= Beginning of Section =

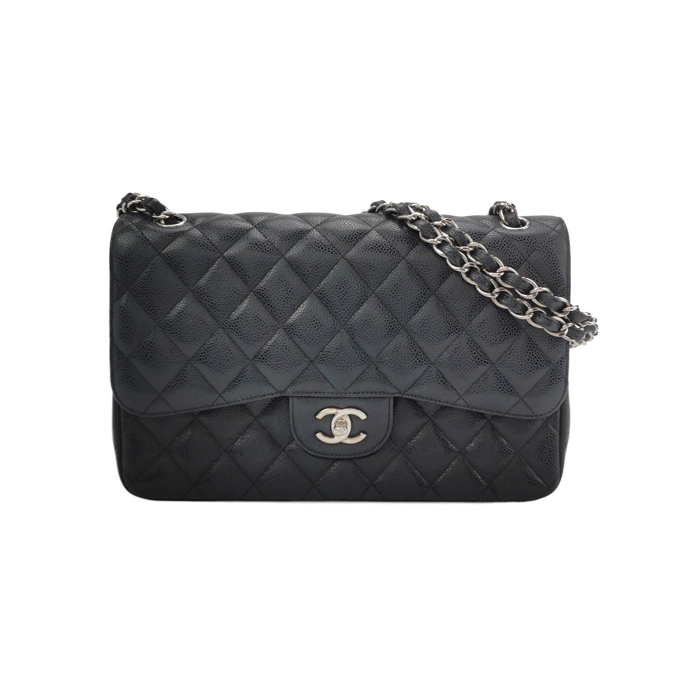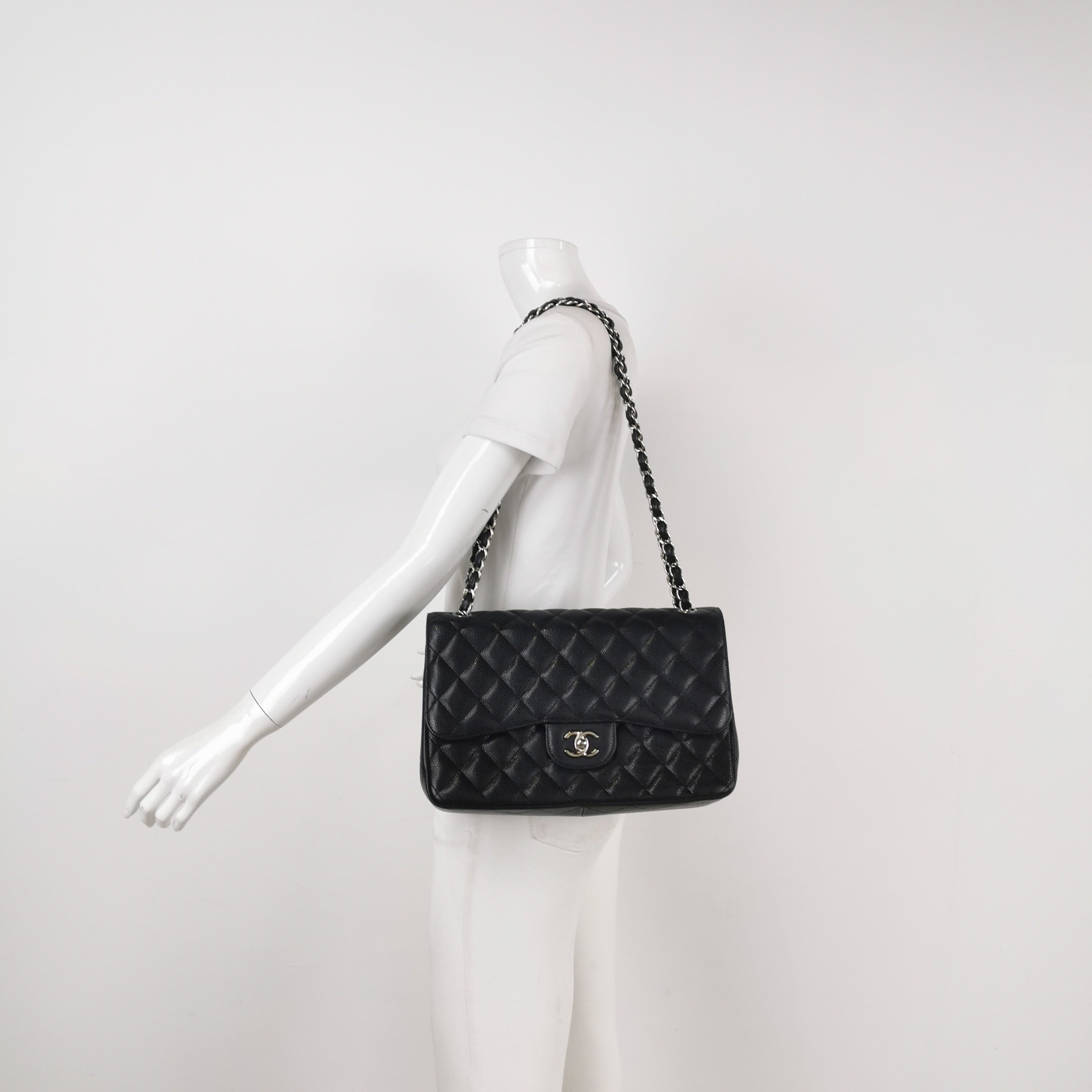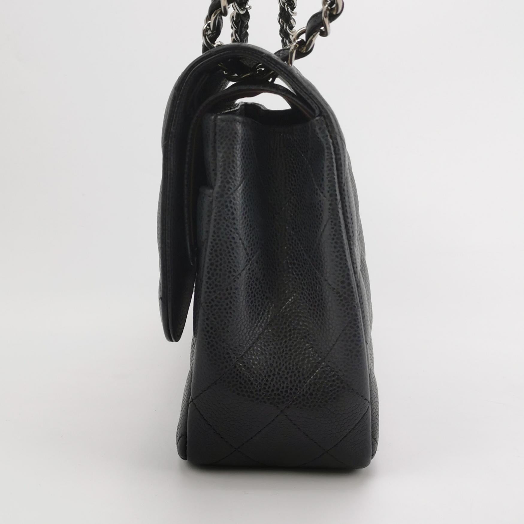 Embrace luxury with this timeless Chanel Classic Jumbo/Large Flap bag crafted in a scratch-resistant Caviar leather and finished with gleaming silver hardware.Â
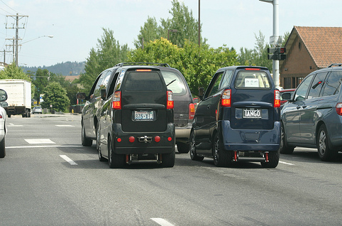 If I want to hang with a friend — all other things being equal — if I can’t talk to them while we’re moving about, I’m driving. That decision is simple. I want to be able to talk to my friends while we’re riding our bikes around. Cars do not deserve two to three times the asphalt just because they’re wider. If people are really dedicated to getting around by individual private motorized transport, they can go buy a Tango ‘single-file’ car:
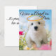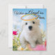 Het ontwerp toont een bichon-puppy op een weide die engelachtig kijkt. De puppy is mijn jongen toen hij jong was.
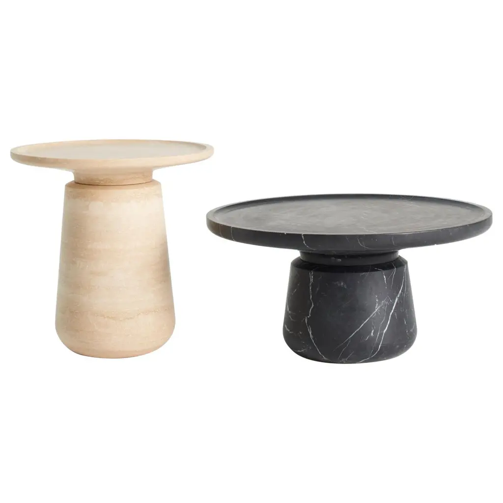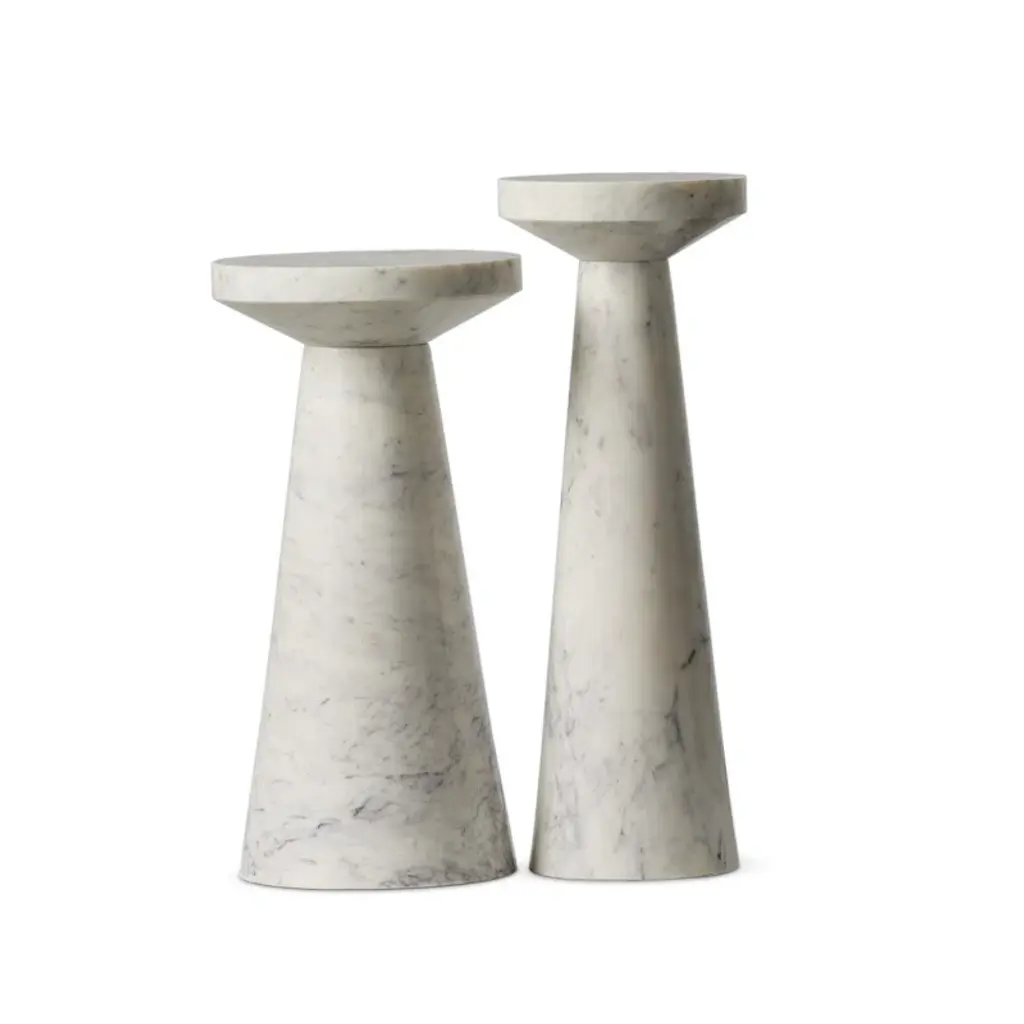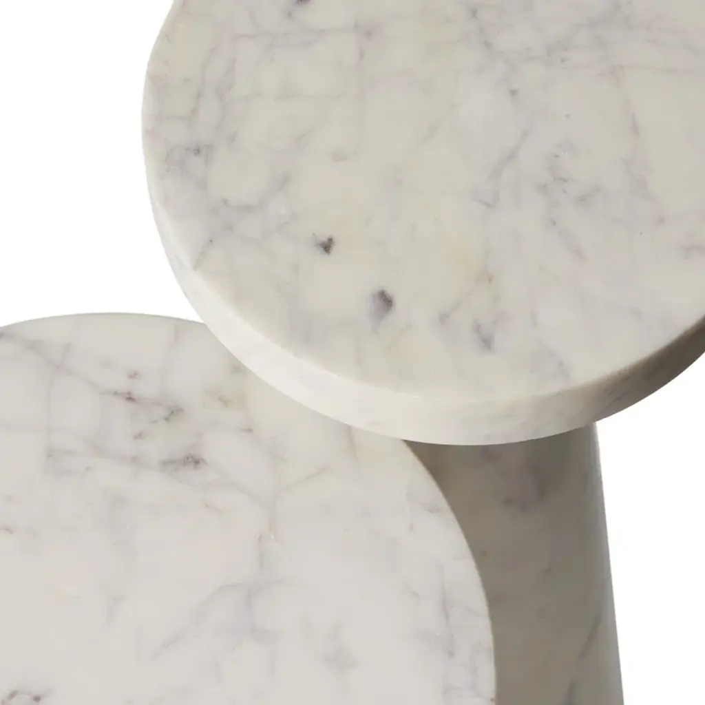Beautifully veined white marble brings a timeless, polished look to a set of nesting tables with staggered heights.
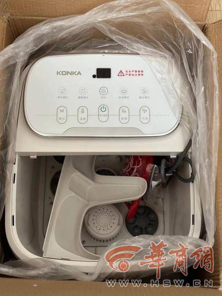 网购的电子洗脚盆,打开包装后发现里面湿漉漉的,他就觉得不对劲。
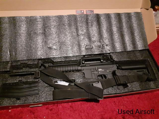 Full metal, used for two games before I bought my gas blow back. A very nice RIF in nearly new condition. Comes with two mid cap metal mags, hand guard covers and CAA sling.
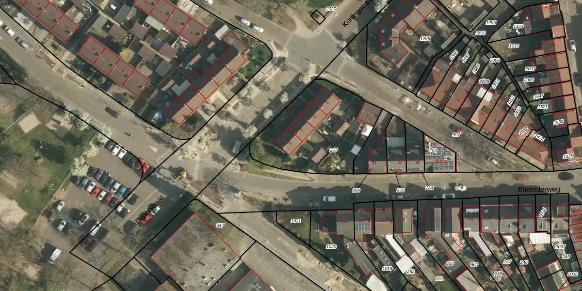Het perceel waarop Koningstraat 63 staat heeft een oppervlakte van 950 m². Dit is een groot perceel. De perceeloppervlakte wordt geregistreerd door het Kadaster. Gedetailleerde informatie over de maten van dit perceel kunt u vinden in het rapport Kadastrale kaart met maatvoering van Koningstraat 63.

= End of Section =

◆ **Exercise brief**
Your answer must be an exact copy of the records, free of images.

◆ **Expected answer**
 Embrace luxury with this timeless Chanel Classic Jumbo/Large Flap bag crafted in a scratch-resistant Caviar leather and finished with gleaming silver hardware.Â
 If I want to hang with a friend — all other things being equal — if I can’t talk to them while we’re moving about, I’m driving. That decision is simple. I want to be able to talk to my friends while we’re riding our bikes around. Cars do not deserve two to three times the asphalt just because they’re wider. If people are really dedicated to getting around by individual private motorized transport, they can go buy a Tango ‘single-file’ car:
 Het ontwerp toont een bichon-puppy op een weide die engelachtig kijkt. De puppy is mijn jongen toen hij jong was.
Beautifully veined white marble brings a timeless, polished look to a set of nesting tables with staggered heights.
 网购的电子洗脚盆,打开包装后发现里面湿漉漉的,他就觉得不对劲。
 Full metal, used for two games before I bought my gas blow back. A very nice RIF in nearly new condition. Comes with two mid cap metal mags, hand guard covers and CAA sling.
Het perceel waarop Koningstraat 63 staat heeft een oppervlakte van 950 m². Dit is een groot perceel. De perceeloppervlakte wordt geregistreerd door het Kadaster. Gedetailleerde informatie over de maten van dit perceel kunt u vinden in het rapport Kadastrale kaart met maatvoering van Koningstraat 63.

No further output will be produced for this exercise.